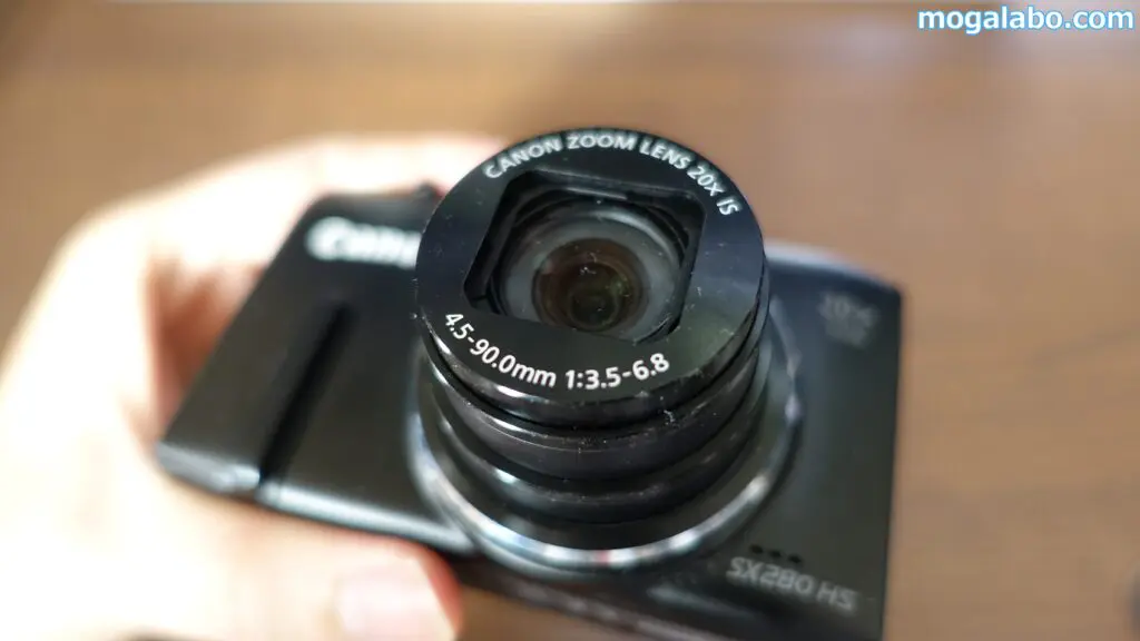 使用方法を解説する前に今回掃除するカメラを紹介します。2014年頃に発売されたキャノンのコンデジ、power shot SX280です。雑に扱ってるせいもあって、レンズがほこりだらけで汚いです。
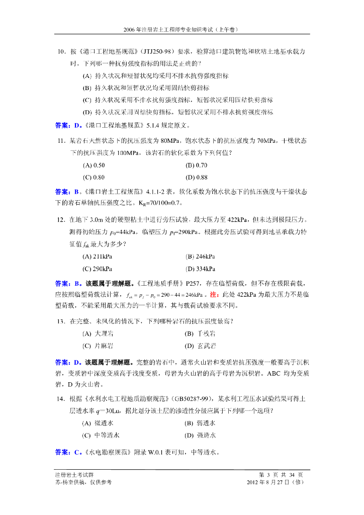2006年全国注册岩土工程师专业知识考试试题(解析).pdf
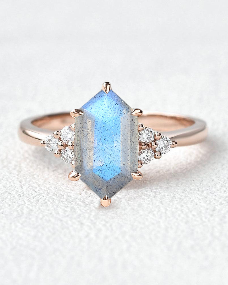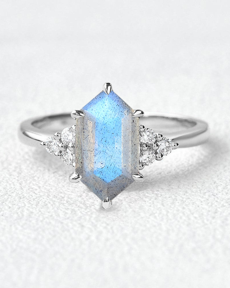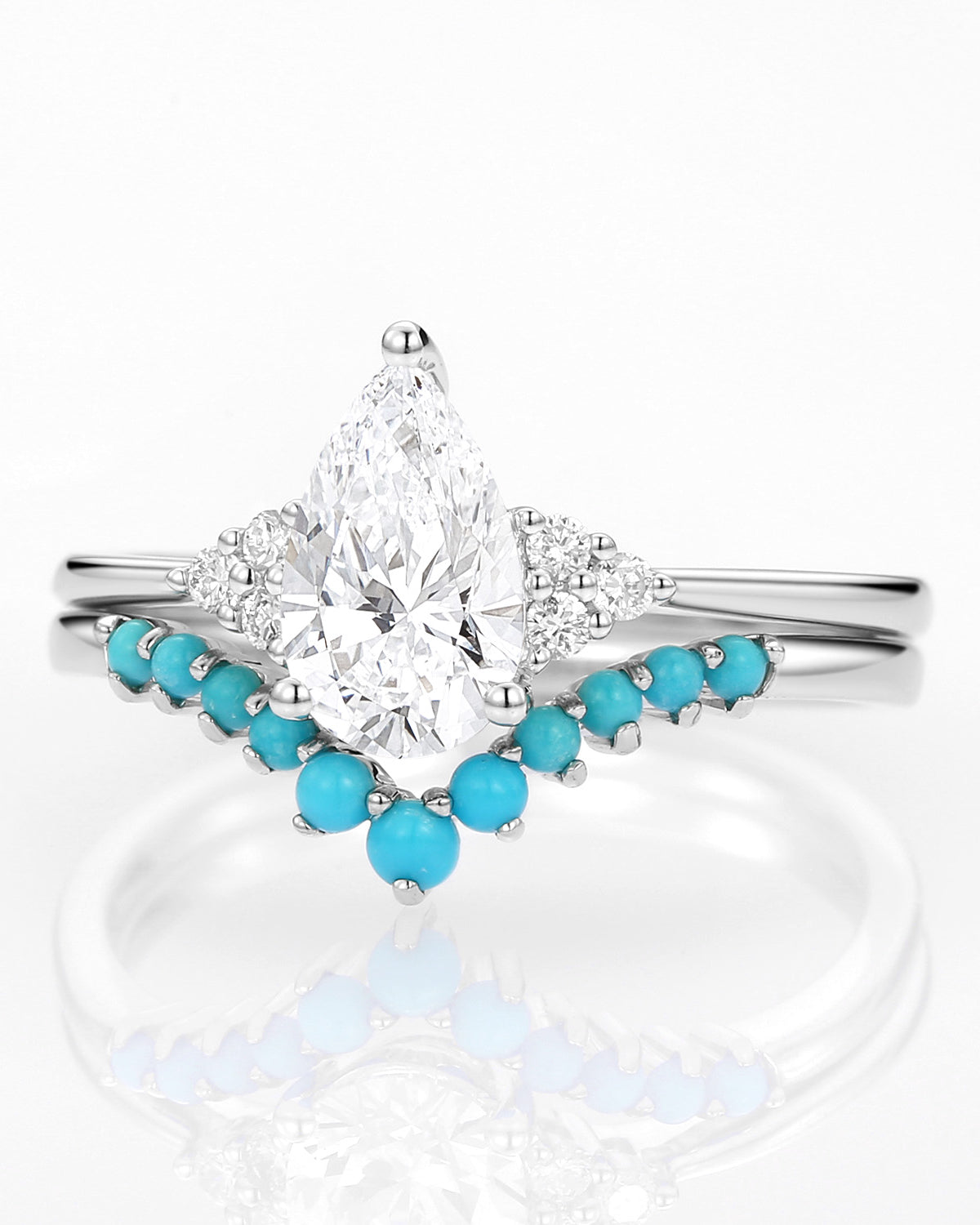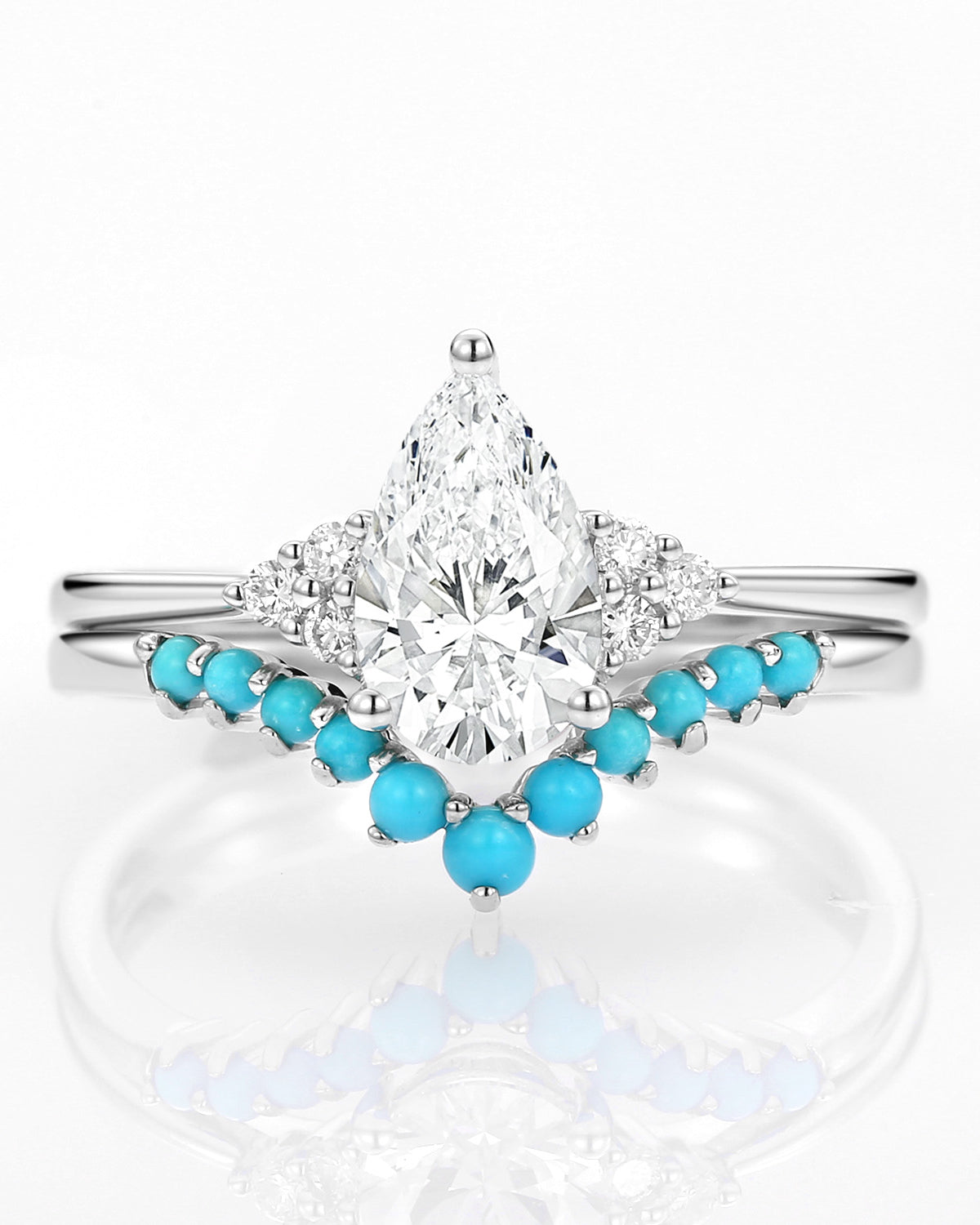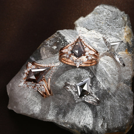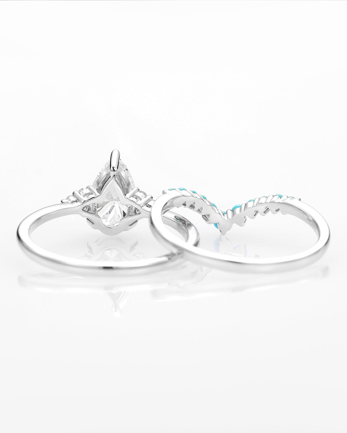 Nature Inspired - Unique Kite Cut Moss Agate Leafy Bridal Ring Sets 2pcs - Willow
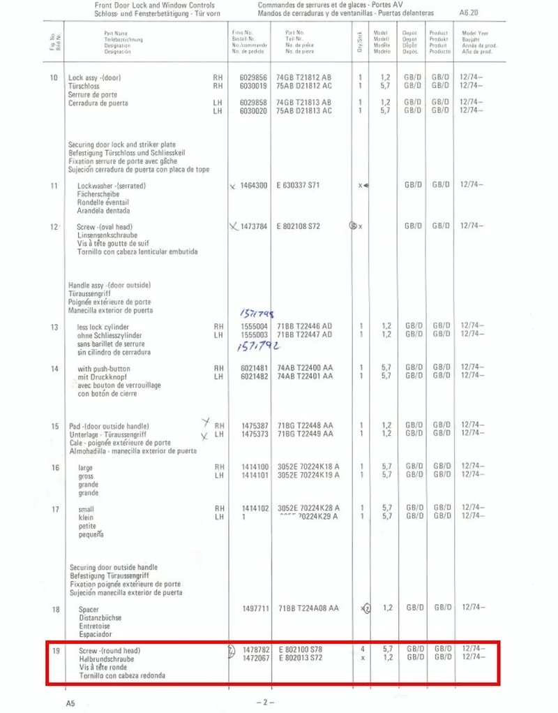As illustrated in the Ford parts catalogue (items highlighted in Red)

--------------------------------

#### THE PROBLEM:
Through the line containing "Nature Inspired - Unique" and no further, restate the data above word for word from its first line, leaving out pictures.

#### WRITTEN ANSWER:
 使用方法を解説する前に今回掃除するカメラを紹介します。2014年頃に発売されたキャノンのコンデジ、power shot SX280です。雑に扱ってるせいもあって、レンズがほこりだらけで汚いです。
2006年全国注册岩土工程师专业知识考试试题(解析).pdf
 Nature Inspired - Unique Kite Cut Moss Agate Leafy Bridal Ring Sets 2pcs - Willow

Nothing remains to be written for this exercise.